The effect of the perfluorodecalin patch on particle emission and skin temperature during laser-induced tattoo removal
Published in Journal of Cosmetic and Laser Therapy, 2020
Wojciech Danysz, Birgit Becker, Marion Begnier, Gaëlle Clermont, Peter Kreymerman
The above limitations encouraged researchers to find alternative treatment measures. One of them was the use of perfluorodecalin (PFD) which dissolves gases, acting as an optically clearing agent. PFD is a stable, metabolically inert, nontoxic fluorocarbon liquid that reduces optical scattering and reflection in the skin and increases tissue transparency from the ultraviolet to the far-infrared.
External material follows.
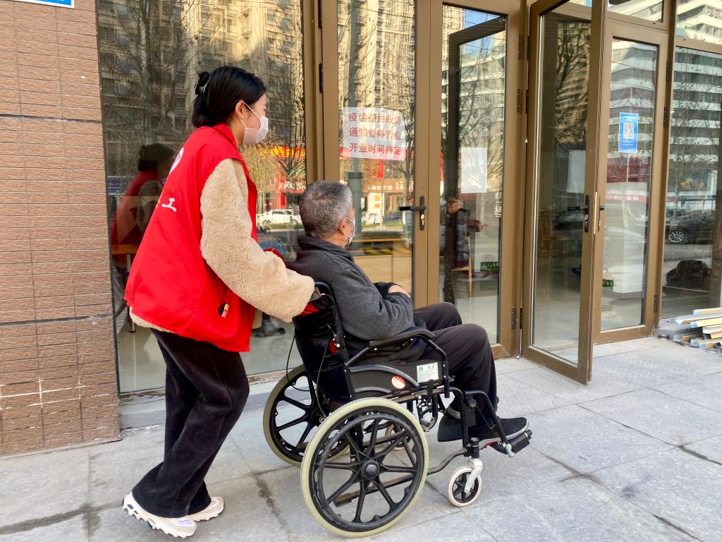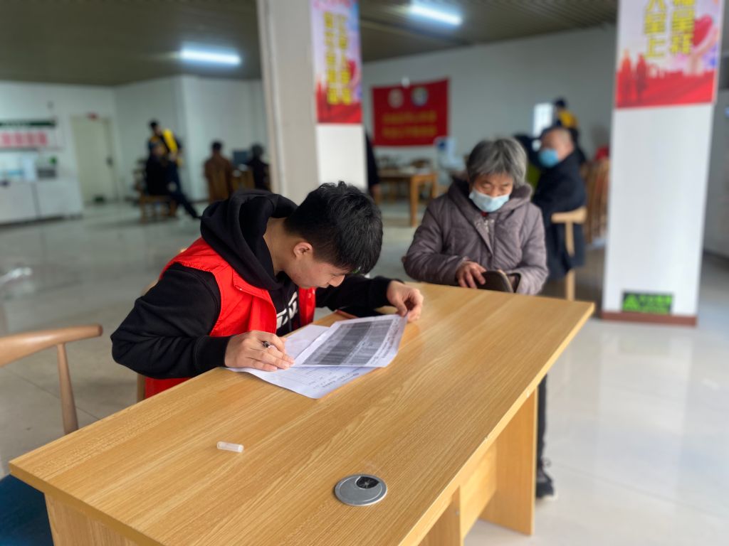 活动开始前,老年人陆陆续续来到社区,有序排起队伍等待活动开始。看到腿脚不便的老人,社工前去帮忙搀扶、推轮椅等。同时,社工为到来的老年人登记信息,一一致电未及时赶到的老年人。

This speeds up the disappearance of skin whitening, allowing multiple passes during one session (5). However, since the PFD evaporates rapidly, the procedure is somewhat labor intensive as multiple applications of PFD are necessary during treatment (6,7). A further improvement was the use of a silicone patch applied on top of the PFD to prevent rapid evaporation, which still allows laser transmission through the patch. The PFD patch consists of a dual-layer medical-grade transparent silicone film. The bottom layer is tacky so it can be easily applied to the skin, and perforated so the optical clearing agent, PFD, can wick into it (7). This PFD and silicone patch decreases skin whitening during the laser treatment and allows multiple passes in one session to faciliate much faster tattoo removal (6,7,16–18). However, the effects of the PFD patch on skin thermal exposure or particle emission into the air have not yet been systemically studied. Thus, the aim of this investigation was to assess changes in laser-induced thermal exposure of the skin using thermistor probes along with infrared (IR) camera and assess the efficacy of the PFD patch as a “barrier to ejecta” (i.e. preventing the emission of particles into the air using condensation particle counter).